It was those qualities and the investments they made at FBR that led Riechers to work with him at Valhalla Partners, where they ultimately put more than $400 million under management into companies such as Riverbed Technologies (sold to Aether Systems), InforMax (IPO, then sold to Invitrogen) and Global Logistics (sold to Oracle).

Those who knew him best describe him the same way: consistent, solid, always there to lend a hand or offer support. Carl Grant, an executive vice president of business development for Cooley LLP, knew Johnston for 19 years — Johnston was the treasurer of the D.C. Metro High Tech Prayer Breakfast, where Grant is chairman and president.

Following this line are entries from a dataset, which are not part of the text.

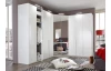 Rohová šatníková skriňa New York D, biela / zrkadlo / osvetlenie
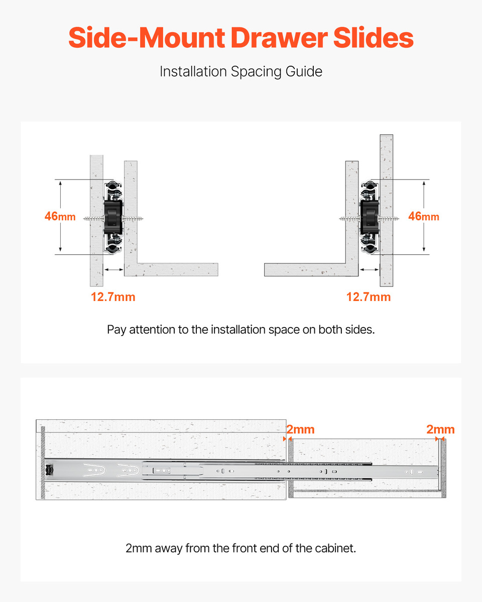 Installation Guide: Our side-mount drawer rails are designed to address common installation challenges. The specially designed installation spacing guide ensures a 2mm distance from the front of the cabinet, making the installation process easier and preventing unnecessary hassles
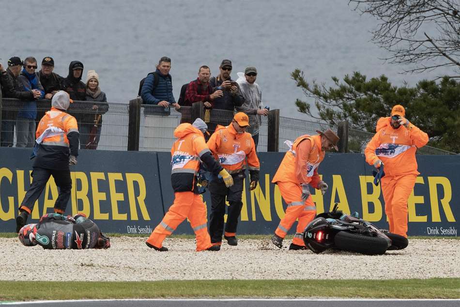 Petronas Yamaha rider Quartararo was taken to the medical centre at Phillip Island after a highside in FP1, with the painkillers he was administered forcing him to remain in the garage for the rest of the day.
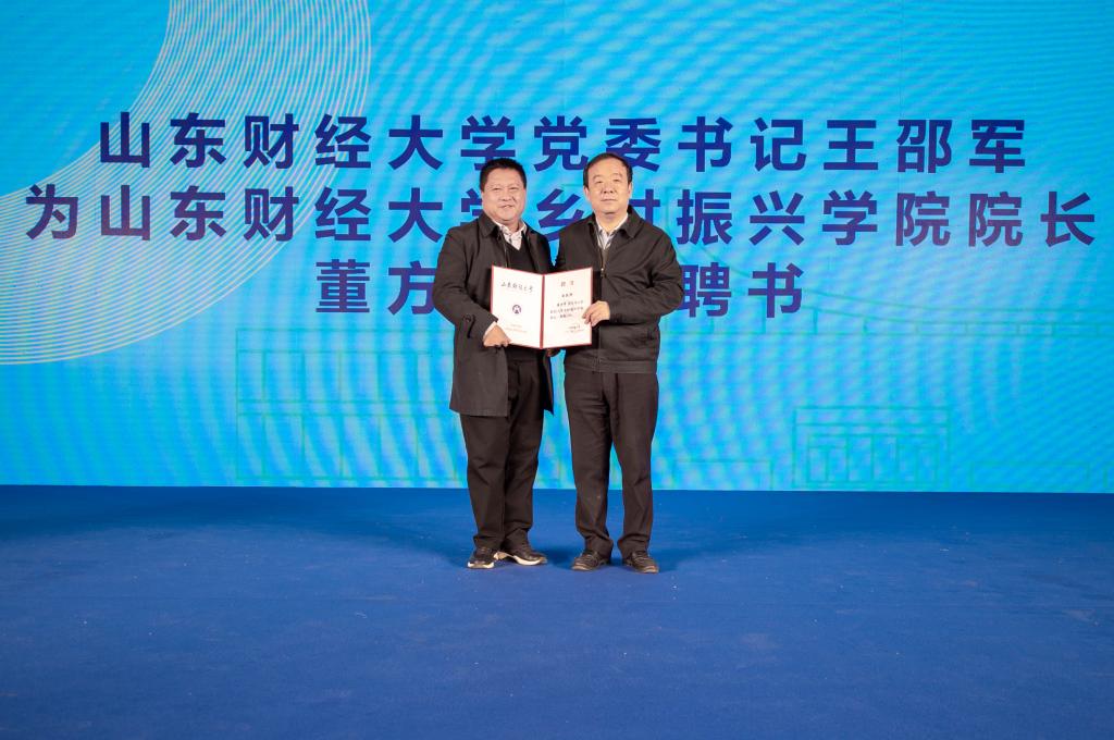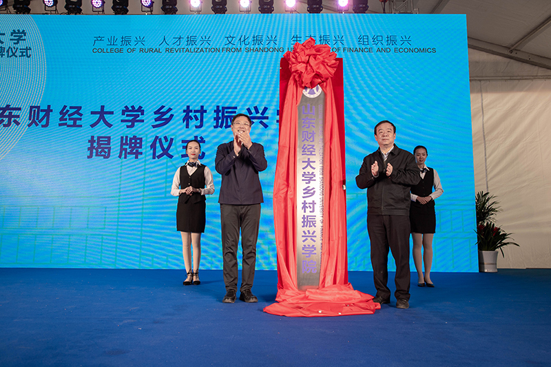 签署仪式上,马晓磊和王邵军共同为山东财经大学乡村振兴学院揭牌。

"He would have wanted to be remembered as a man with a strong, unwavering faith in Jesus Christ," Grant said.

Carrie Rich, CEO and founder of The Global Good Fund, a nonprofit that invests donations from the public into entrepreneurs and companies in the U.S. and developing countries, has raised millions in donations, said her organization wouldn't exist without Johnston, who used his extensive connections to gather money to support entrepreneurs from around the world.

"He was an incredible inspiration," Rich said. "If he could get up every day and get where he needed to be and have a positive attitude about it, [then] I had nothing to complain about."

Johnston was the chair of Rich's advisory board at The Global Good Fund before there was even a board of directors. He was a coach, a fiduciary who cared about more than the numbers, and a man who wanted to help others even as he worked through his own health problems, Rich said.

Johnston had shown no signs of slowing down. In December, he was announced as one of the managing directors for Inova’s Strategic Investment Initiative and its new $150 million venture capital arm to expand the system's reach into health innovation while earning financial returns. At the same time, officials unveiled the Inova Personalized Health Accelerator to help grow emerging health technology companies.
Todd Stottlemyer, CEO of the Inova Center for Personalized Health, credited Johnston with building the Inova Strategic Investment Initiative. “When it came to the companies we were working with or thinking about making an investment, Hooks had this incredible presence and gravitas because of his experience, success, wisdom, and all around good-natured personality. He’s the person who got us going.”

In that time, Stottlemyer said he and Johnston would trade friendly barbs over baseball — Stottlemyer was a New York Yankees fan and Johnston loved the Boston Red Sox.
But despite lengthy work weeks and a grueling schedule, Johnston never lost sight of his family. Rich said there were events Johnston would decline to attend so he could be there for his family. He also never lost his sense of humor, Betsy said.

"He could make the funniest quick-witted comments. We used to laugh so hard together," Betsy said. “If he saw or heard something really funny he would laugh till his eyes watered. It made you laugh even harder. I will really miss those moments."
And while he couldn't play tennis or throw a football with his children, Mary, Allie Hooks IV and David, he helped with their homework and worked with them to research potential career or colleges, Betsy said. His children looked to him for advice on everything from college essays to career decisions. The entire family had plans to gather over the weekend, as his daughter was shopping for a wedding dress for her upcoming wedding, and they decided to get together even though Johnston was not feeling well.

"No matter how busy he was at work he would always fulfill those needs for the kids," Betsy said. “We were so lucky. The truth was we had a fantastic weekend and all the kids were here."